TDM PWE and TDM Timing

Introduction

Time-Division Multiplexed circuits can be transported through pseudowires (TDM PWE) using tunnels based on Ethernet, IP/UDP or MPLS. A pseudowire is an emulation of point-to-point circuit over a Packet Switching Network (typically Ethernet). It emulates the operation of a “transparent wire” carrying the service. This method of transporting TDM circuits over a Packet Switching Network is also known as Circuit Emulation Service (CES).

This feature is available only on the E4G-400 and E4G-200 cell site routers.

  • Ethernet Pseudowires: When the service being carried over the “wire” is Ethernet, it is referred as Ethernet Pseudo-wires. L2VPN is an example of Ethernet Pseudowires.

  • TDM Pseudowires: When the service being carried over the “wire” is TDM, it is referred as TDM Pseudowires.

  • Cell Site: This is the Radio Access Customer Network Edge, and refers to that part of the Mobile network that includes 2G (T1/E1 Connectivity), 3G and 4G radio towers.

  • Cell Site Router: The Cell-Site Router backhauls the traffic from the radio towers over the Ethernet network.
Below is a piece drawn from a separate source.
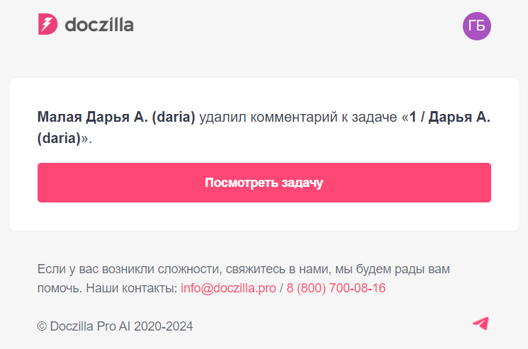 В случае удаления комментария другой участник получает уведомление с указанием автором удаления. В уведомлении также предоставляется ссылка Посмотреть задачу, позволяющая пользователям просмотреть текущий список комментариев.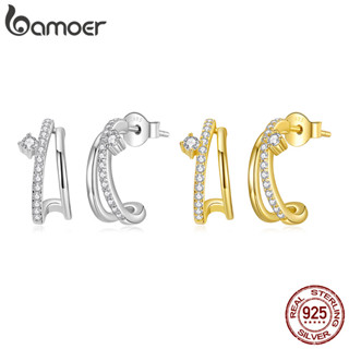 Bamoer 925 Original Prata Esterlina Moissanite Brincos De Duas Cores Divisão Dupla Camada Anti-Alergia Jóias Presente Fe

Several 2G, 3G, and 4G radio towers can be connected to the Ethernet mobile backhaul at the same time through the Cell Site Router.

  • Cell Site Aggregation Router: This router aggregates multiple Ethernet links from various Cell Site Routers as well as the T1/E1 links (that are co-located with it), and transports them over the Mobile core. It is likely that Cell Site Aggregation routers are connected to each other through multiple synchronous Gigabit Ethernet rings.

  • Base Station Control: Terminates TDM pseudowires and hand-off cell site (TDM/ATM) traffic to BSC/RNC devices.

The figure below shows the components involved in supporting TDM pseudowires.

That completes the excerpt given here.